The other day I heard someone criticise Malala Yousafzai for not speaking out against the war crimes being committed in Gaza–the hundreds of dead children, the thousands of wounded children.
I wanted to say, "What happened to you? Why do you always wait for 'someone' to 'speak up?' Why not you?" Admiring Malala doesn't make us admirable by osmosis. Emulating her is a better way.
She's still just a little girl. Barely 17.
She's not an ordinary girl, you might say. But what makes her extraordinary? What does she have that has all of us falling over ourselves to fete her, to get VIP tickets to see her, to take photos with her?
What does it take to be Malala?
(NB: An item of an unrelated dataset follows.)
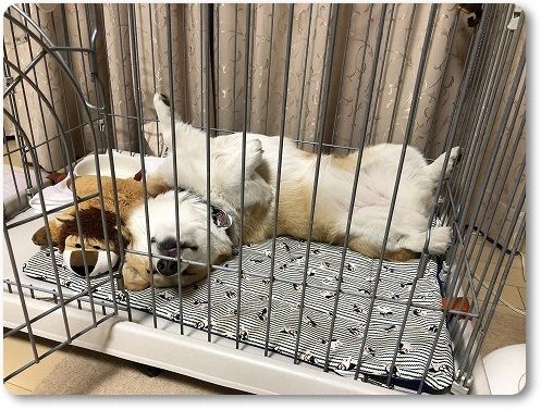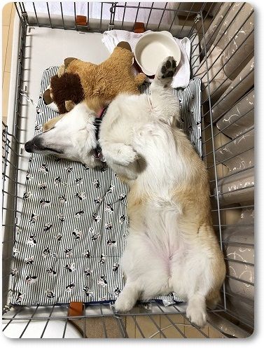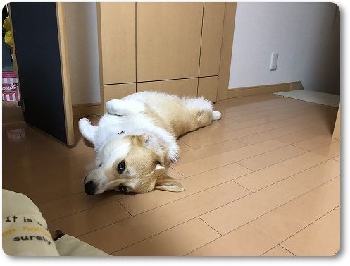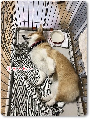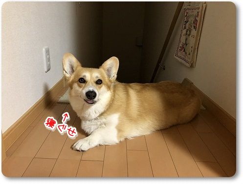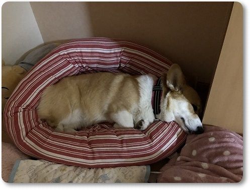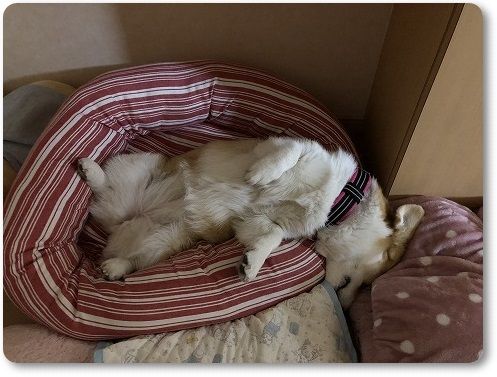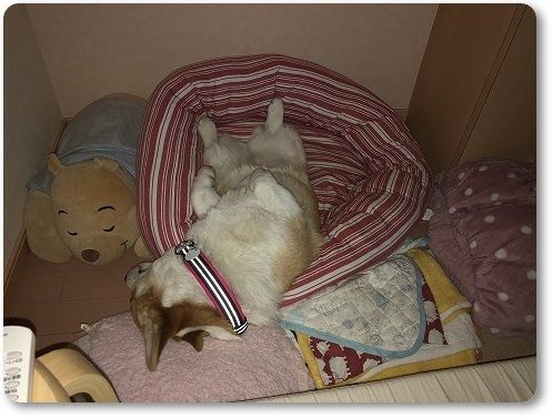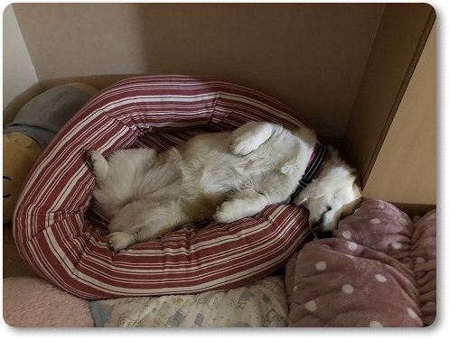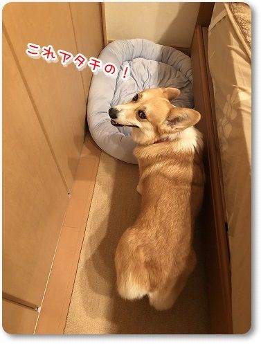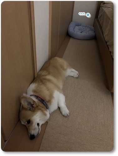 夜、いつも寝てる場所にベッドを置いてあげたのに…
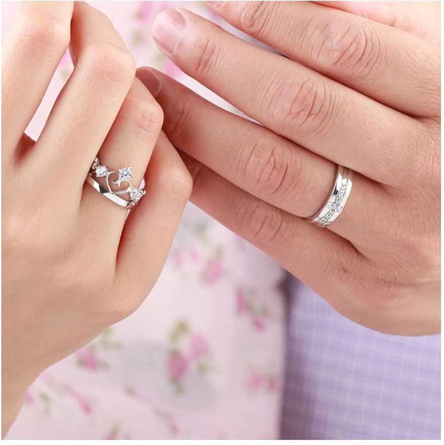 King Crown Queen And Cross Adjustable 925 Sterling Silver Plated Crystal Proposal |

What does it take for a child born of a poor family in the Swat Valley of Pakistan, in a shabby shack of two rooms 100 miles from the capital city of Islamabad, to deliver her message to the hallowed halls of the United Nations in New York?
What does it take for a girl to leave her homeland (described in her book I Am Malala)–a "heavenly valley of mountains, gushing waterfalls, crystal-clear lakes, fields of wildflowers, orchards of fruit, emerald mines, trout-filled rivers"–to take up residence in dreary Birmingham, and to go on punishing schedules of appearances in front of thousands of strangers in strange countries, to be gawked at endlessly?